▸ Records to use:
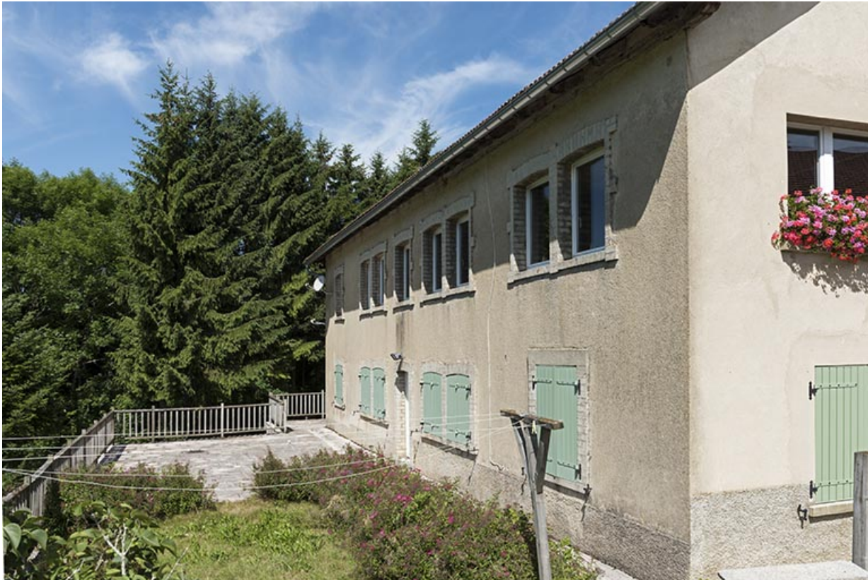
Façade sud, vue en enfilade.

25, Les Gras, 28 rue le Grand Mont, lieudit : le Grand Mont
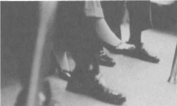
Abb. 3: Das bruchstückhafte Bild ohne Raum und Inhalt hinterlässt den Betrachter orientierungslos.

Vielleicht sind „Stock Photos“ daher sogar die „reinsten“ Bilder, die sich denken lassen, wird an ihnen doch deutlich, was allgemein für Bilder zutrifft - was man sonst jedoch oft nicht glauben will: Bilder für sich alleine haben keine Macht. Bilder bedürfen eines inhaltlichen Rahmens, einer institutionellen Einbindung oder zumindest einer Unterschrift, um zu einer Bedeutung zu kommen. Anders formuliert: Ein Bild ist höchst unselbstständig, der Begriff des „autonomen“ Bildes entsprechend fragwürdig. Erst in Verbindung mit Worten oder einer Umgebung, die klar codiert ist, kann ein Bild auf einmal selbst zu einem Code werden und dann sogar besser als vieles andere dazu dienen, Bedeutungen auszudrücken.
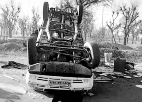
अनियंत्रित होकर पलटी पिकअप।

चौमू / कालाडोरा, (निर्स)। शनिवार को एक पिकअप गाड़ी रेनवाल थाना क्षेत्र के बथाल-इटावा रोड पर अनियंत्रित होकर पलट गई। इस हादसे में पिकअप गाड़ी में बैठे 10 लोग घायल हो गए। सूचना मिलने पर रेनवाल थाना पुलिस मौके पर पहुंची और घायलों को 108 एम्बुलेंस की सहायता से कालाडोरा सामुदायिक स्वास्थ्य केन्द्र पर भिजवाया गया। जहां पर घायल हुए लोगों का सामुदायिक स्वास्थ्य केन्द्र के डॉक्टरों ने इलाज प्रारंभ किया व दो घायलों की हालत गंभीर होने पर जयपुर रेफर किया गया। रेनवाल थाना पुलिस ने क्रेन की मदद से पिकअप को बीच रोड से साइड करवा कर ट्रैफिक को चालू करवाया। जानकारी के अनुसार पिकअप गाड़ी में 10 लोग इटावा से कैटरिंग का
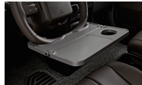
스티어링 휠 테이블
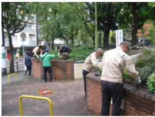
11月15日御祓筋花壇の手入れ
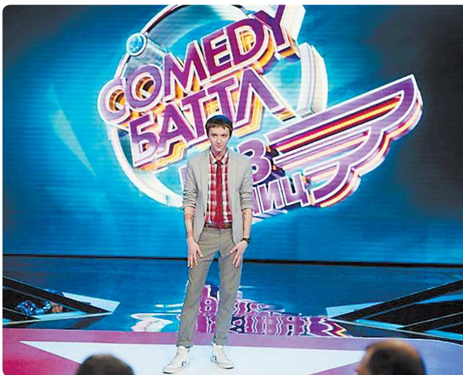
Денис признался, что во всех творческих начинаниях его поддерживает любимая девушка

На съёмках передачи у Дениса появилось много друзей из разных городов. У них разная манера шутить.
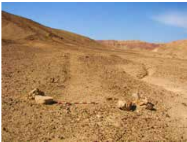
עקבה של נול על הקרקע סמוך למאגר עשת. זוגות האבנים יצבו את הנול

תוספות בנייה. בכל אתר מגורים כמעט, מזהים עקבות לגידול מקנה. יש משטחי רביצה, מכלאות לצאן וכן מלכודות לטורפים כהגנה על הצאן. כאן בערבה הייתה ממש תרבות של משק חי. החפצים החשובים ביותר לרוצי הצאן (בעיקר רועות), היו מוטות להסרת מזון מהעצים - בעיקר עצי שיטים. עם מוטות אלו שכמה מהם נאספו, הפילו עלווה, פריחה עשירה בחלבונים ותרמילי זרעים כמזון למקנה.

▸ Directions for this task: Everything in the entries except the pictures should be returned exactly as given.

▸ Completed exercise:
Façade sud, vue en enfilade.

25, Les Gras, 28 rue le Grand Mont, lieudit : le Grand Mont
Abb. 3: Das bruchstückhafte Bild ohne Raum und Inhalt hinterlässt den Betrachter orientierungslos.

Vielleicht sind „Stock Photos“ daher sogar die „reinsten“ Bilder, die sich denken lassen, wird an ihnen doch deutlich, was allgemein für Bilder zutrifft - was man sonst jedoch oft nicht glauben will: Bilder für sich alleine haben keine Macht. Bilder bedürfen eines inhaltlichen Rahmens, einer institutionellen Einbindung oder zumindest einer Unterschrift, um zu einer Bedeutung zu kommen. Anders formuliert: Ein Bild ist höchst unselbstständig, der Begriff des „autonomen“ Bildes entsprechend fragwürdig. Erst in Verbindung mit Worten oder einer Umgebung, die klar codiert ist, kann ein Bild auf einmal selbst zu einem Code werden und dann sogar besser als vieles andere dazu dienen, Bedeutungen auszudrücken.
अनियंत्रित होकर पलटी पिकअप।

चौमू / कालाडोरा, (निर्स)। शनिवार को एक पिकअप गाड़ी रेनवाल थाना क्षेत्र के बथाल-इटावा रोड पर अनियंत्रित होकर पलट गई। इस हादसे में पिकअप गाड़ी में बैठे 10 लोग घायल हो गए। सूचना मिलने पर रेनवाल थाना पुलिस मौके पर पहुंची और घायलों को 108 एम्बुलेंस की सहायता से कालाडोरा सामुदायिक स्वास्थ्य केन्द्र पर भिजवाया गया। जहां पर घायल हुए लोगों का सामुदायिक स्वास्थ्य केन्द्र के डॉक्टरों ने इलाज प्रारंभ किया व दो घायलों की हालत गंभीर होने पर जयपुर रेफर किया गया। रेनवाल थाना पुलिस ने क्रेन की मदद से पिकअप को बीच रोड से साइड करवा कर ट्रैफिक को चालू करवाया। जानकारी के अनुसार पिकअप गाड़ी में 10 लोग इटावा से कैटरिंग का
스티어링 휠 테이블
11月15日御祓筋花壇の手入れ
Денис признался, что во всех творческих начинаниях его поддерживает любимая девушка

На съёмках передачи у Дениса появилось много друзей из разных городов. У них разная манера шутить.
עקבה של נול על הקרקע סמוך למאגר עשת. זוגות האבנים יצבו את הנול

תוספות בנייה. בכל אתר מגורים כמעט, מזהים עקבות לגידול מקנה. יש משטחי רביצה, מכלאות לצאן וכן מלכודות לטורפים כהגנה על הצאן. כאן בערבה הייתה ממש תרבות של משק חי. החפצים החשובים ביותר לרוצי הצאן (בעיקר רועות), היו מוטות להסרת מזון מהעצים - בעיקר עצי שיטים. עם מוטות אלו שכמה מהם נאספו, הפילו עלווה, פריחה עשירה בחלבונים ותרמילי זרעים כמזון למקנה.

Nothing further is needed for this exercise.